### Information provided
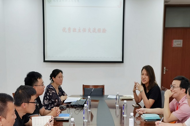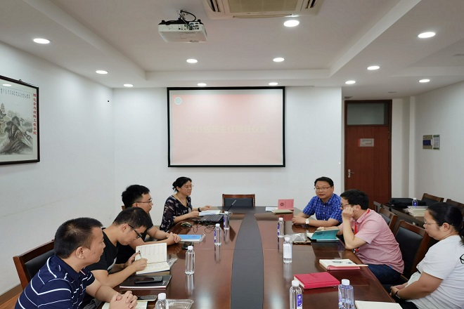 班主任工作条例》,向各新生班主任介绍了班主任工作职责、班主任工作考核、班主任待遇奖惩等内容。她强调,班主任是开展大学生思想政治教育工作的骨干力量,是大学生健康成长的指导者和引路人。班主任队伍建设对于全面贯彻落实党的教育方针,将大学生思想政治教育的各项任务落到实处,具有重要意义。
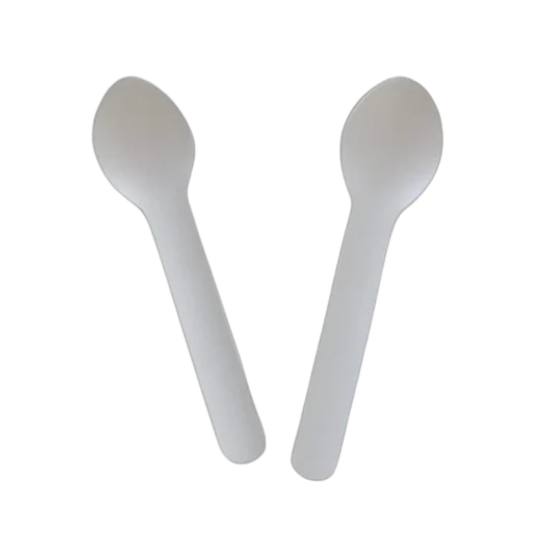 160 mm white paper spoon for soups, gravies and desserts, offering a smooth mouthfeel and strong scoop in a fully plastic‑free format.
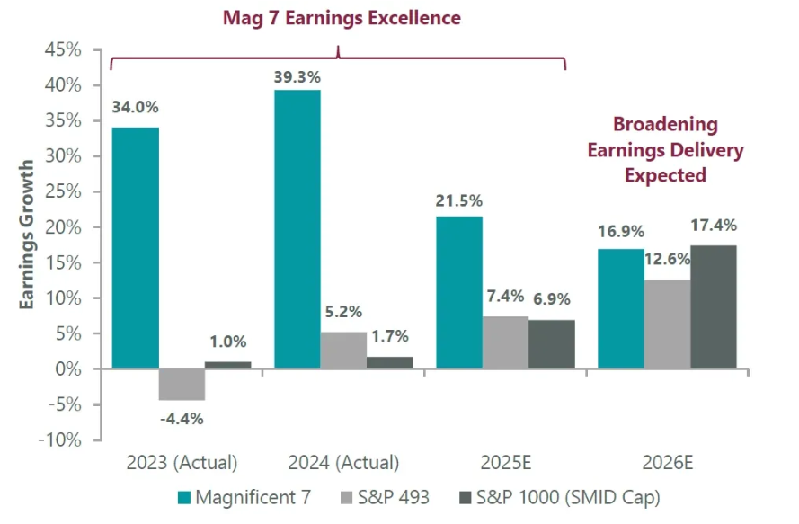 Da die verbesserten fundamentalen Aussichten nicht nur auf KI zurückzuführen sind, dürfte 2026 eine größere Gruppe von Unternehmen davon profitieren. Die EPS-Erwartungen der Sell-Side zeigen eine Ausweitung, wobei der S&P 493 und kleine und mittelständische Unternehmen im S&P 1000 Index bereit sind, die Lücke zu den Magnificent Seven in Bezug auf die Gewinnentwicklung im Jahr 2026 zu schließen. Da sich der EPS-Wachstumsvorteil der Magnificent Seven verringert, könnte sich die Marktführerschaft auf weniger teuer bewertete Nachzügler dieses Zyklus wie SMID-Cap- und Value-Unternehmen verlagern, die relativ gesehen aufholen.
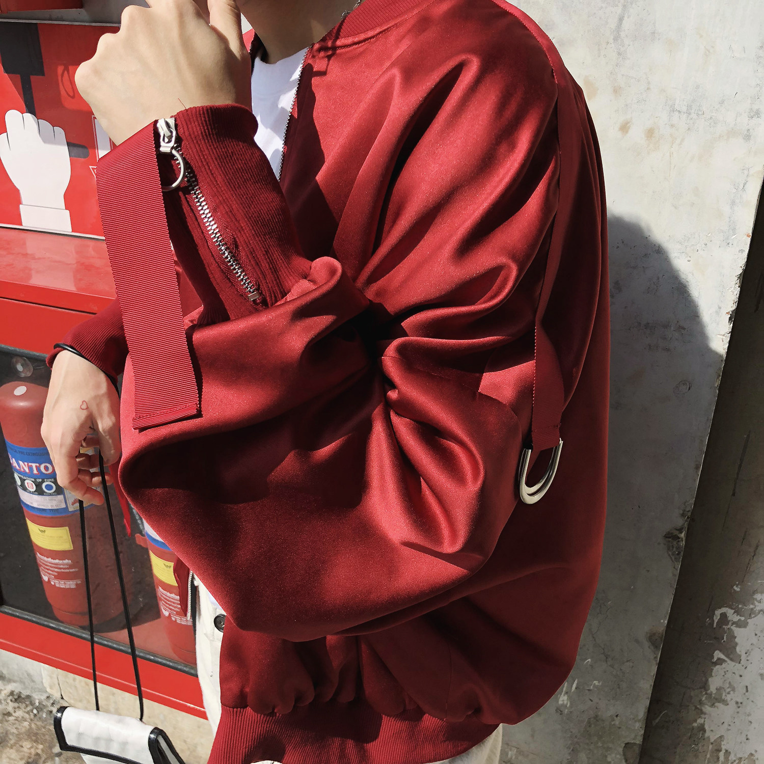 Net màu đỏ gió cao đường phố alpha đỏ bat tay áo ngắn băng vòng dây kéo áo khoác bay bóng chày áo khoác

### Task goal
Retype the whole of the data verbatim. Skip every picture.

### Expected answer
 班主任工作条例》,向各新生班主任介绍了班主任工作职责、班主任工作考核、班主任待遇奖惩等内容。她强调,班主任是开展大学生思想政治教育工作的骨干力量,是大学生健康成长的指导者和引路人。班主任队伍建设对于全面贯彻落实党的教育方针,将大学生思想政治教育的各项任务落到实处,具有重要意义。
 160 mm white paper spoon for soups, gravies and desserts, offering a smooth mouthfeel and strong scoop in a fully plastic‑free format.
 Da die verbesserten fundamentalen Aussichten nicht nur auf KI zurückzuführen sind, dürfte 2026 eine größere Gruppe von Unternehmen davon profitieren. Die EPS-Erwartungen der Sell-Side zeigen eine Ausweitung, wobei der S&P 493 und kleine und mittelständische Unternehmen im S&P 1000 Index bereit sind, die Lücke zu den Magnificent Seven in Bezug auf die Gewinnentwicklung im Jahr 2026 zu schließen. Da sich der EPS-Wachstumsvorteil der Magnificent Seven verringert, könnte sich die Marktführerschaft auf weniger teuer bewertete Nachzügler dieses Zyklus wie SMID-Cap- und Value-Unternehmen verlagern, die relativ gesehen aufholen.
 Net màu đỏ gió cao đường phố alpha đỏ bat tay áo ngắn băng vòng dây kéo áo khoác bay bóng chày áo khoác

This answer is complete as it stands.